'''
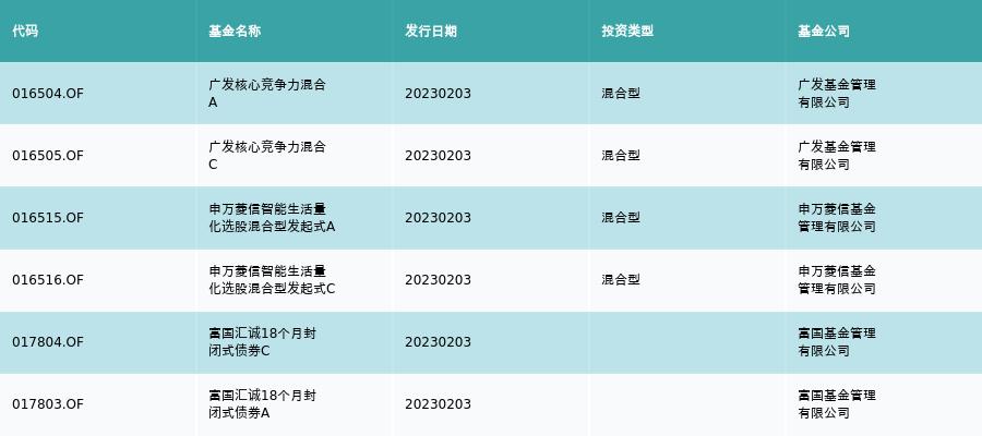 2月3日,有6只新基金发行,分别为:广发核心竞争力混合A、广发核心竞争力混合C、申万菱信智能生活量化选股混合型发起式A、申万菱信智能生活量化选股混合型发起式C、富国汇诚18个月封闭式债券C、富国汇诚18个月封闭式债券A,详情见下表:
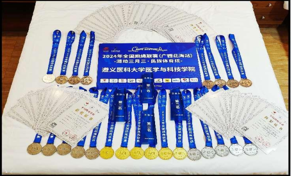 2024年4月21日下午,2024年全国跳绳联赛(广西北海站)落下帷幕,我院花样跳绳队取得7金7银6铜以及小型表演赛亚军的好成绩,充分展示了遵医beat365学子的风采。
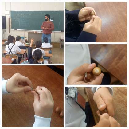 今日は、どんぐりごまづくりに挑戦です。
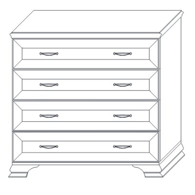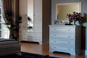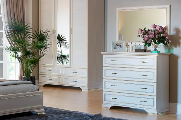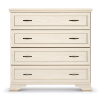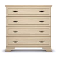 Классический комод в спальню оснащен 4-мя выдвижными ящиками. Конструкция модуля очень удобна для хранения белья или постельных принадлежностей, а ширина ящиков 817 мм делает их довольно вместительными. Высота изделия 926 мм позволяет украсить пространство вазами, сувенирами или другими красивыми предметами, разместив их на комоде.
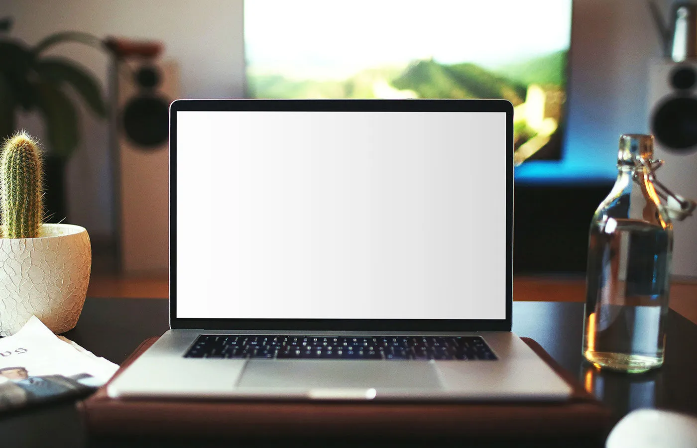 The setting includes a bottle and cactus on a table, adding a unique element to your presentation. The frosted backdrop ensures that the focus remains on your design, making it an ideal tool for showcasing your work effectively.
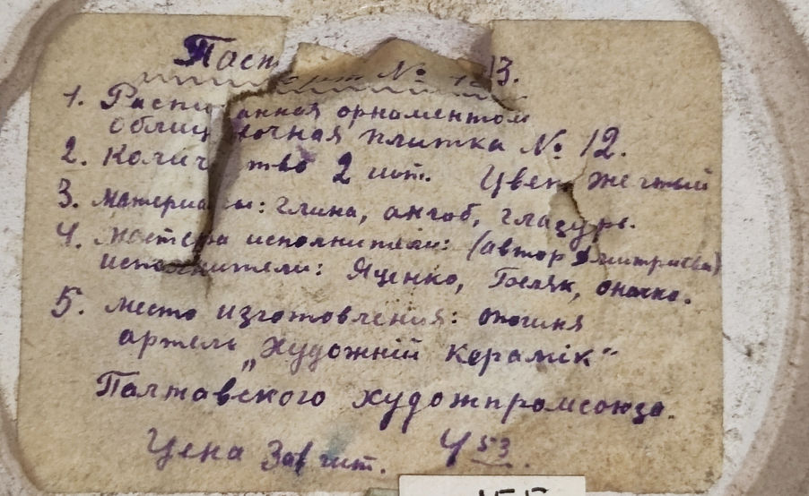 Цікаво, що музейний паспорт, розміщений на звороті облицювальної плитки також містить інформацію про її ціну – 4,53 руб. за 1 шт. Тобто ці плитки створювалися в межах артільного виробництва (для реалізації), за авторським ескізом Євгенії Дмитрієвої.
'''
**What the task asks:** Output exactly the lines of the listing above that start with the one holding "2024年4月21日下午,2" and go on through the one holding "今日は、どんぐりごまづくりに挑戦です。"; leave the pictures out.

**Solution to the exercise:**
 2024年4月21日下午,2024年全国跳绳联赛(广西北海站)落下帷幕,我院花样跳绳队取得7金7银6铜以及小型表演赛亚军的好成绩,充分展示了遵医beat365学子的风采。
 今日は、どんぐりごまづくりに挑戦です。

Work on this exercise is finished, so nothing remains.